Лале говорил со стариком Гарибом до глубокого вечера. Ольжана уже устроилась в части домишка, который им выделили, на лежанке, укрывшись тонкой простынёй. От кухни с Лале и Гарибом её отделял лишь подвешенный к потолку отрез ткани, но голоса были тихи, и Ольжана не могла разобрать слов. Ей казалось, что старик говорил, и плакал, и снова говорил, а Лале его успокаивал, и это длилось так долго, что Ольжана даже провалилась в сон. Она встрепенулась, только когда пришёл Лале и опустился на свою лежанку. Но хоть лежанок было две, места всё равно не хватало, и Ольжана сонно отползла поближе к стене.
– Это был простой волк, госпожа Ольжана, – сказал Лале ей на ухо. От шёпота пошли мурашки. – В здешнем лесу развелось много больных волков. Уже нескольких подстрелили. Говорят, такое странное лето.
Даже спросонья Ольжана поняла, что он может лгать, чтобы её успокоить. Жертв от этого меньше не станет, но проще не знать человека, на которого она навлекла беду. Только Ольжана не стала спорить. Пускай.
В стене над ними зияло крохотное оконце. Через него сквозило летней прохладой. Отрез ткани, тёмный в ночи, едва колыхался, и где-то за ним укладывался спать старик Гариб.
Жужжал комар. Ольжана поджала ступни, чтобы не выглядывали из-под простыни и комар за них не укусил.
Лале лёг. Из-за нехватки места казалось, что они спят на одной кровати, и, хотя Лале её не касался, Ольжана будто бы ощутила спиной тепло его тела. Она приказала себе: перестань. Ей всё ясно дали понять, пусть потом и поцеловали пальцы, чтобы она не расстраивалась слишком сильно.
Будь всё иначе – и не будь это чужой дом с чужим человеком за отрезом ткани, – Ольжана бы обернулась, протянула руку. Погладила бы плечо Лале от локтя до ключицы, приблизилась бы к нему, стала бы целовать его губы, щёки, выступ нижней челюсти, шею… Чтобы не думалось ни о жертвах чудовища, ни о сложностях учёбы, ни о том, какая она неприкаянная и что монах (так-то – молодой мужчина!), проводящий с ней все дни напролёт, заранее отказался от того, что она могла бы ему предложить.

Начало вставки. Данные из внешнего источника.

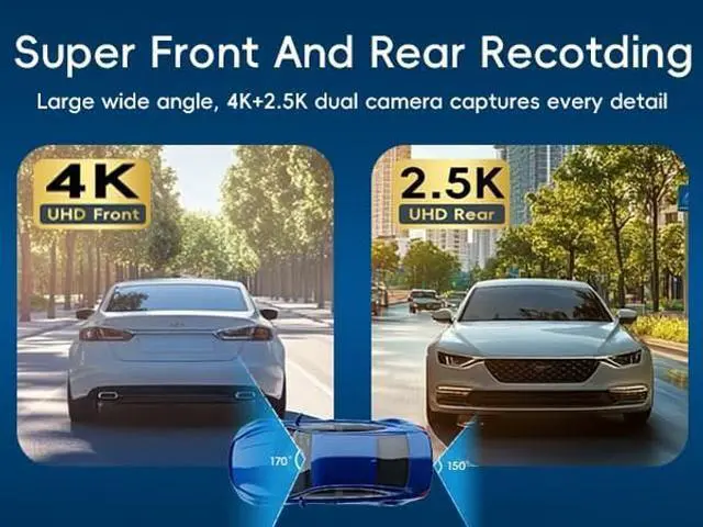 All-in-One Smart Driving CompanionBeyond recording, it's your smart co-pilot. Access videos instantly via the dedicated App over Wi-Fi, control the camera with simple Voice Commands (e. g., "Take photo", "Start recording"), and have your driving route and speed logged accurately with the built-in GPS module. The 10" large touch screen provides a crystal-clear real-time view for safer reversing and monitoring. ^^ 4K Front and 2.5K Rear and Voice ControlWhen set to front and rear dual recording mode, the rearview mirror camera provides a 4K resolution front camera and a 2.5K rear camera.

Ольжана разочарованно вздохнула.
– Вы в порядке?
Ольжана приоткрыла глаза и, пользуясь тем, что Лале не увидит, скривилась в ответ.
И притворилась, что спит.
Глава VI. Тержвице
Что ни день, то новая учёба.
Ольжана сидела, закрыв глаза. Она представляла страницу из хал-азарской «Физиологии колдовства»: человек, с живота и груди которого сняли верхний слой, обнажив красные мышцы и белые сухожилия. В нескольких местах – в области лба, горла, сердца и пупка – чернели круги. Так составители книги отметили места, в которых, по их мнению, с особой лёгкостью преломлялась чародейская сила.
Любопытно, почему Лале начал читать Ольжане именно про волшбу с солнечным светом – случайно, может, или запомнил, что ей проще всего вызывать чародейский огонь? Как бы там ни было, Ольжана продолжала упражняться. Сейчас её лоб и живот согревало солнечное тепло, а сердце стучало быстрее, чем нужно, – Лале вычитал, что надо следить и за этим, но тут Ольжана ничего поделать не могла. Главное, она прогнала лишние мысли. Необходимо быть уверенным и спокойным, чтобы преломить в себе свет и превратить его в сырьё для более искусного волшебства.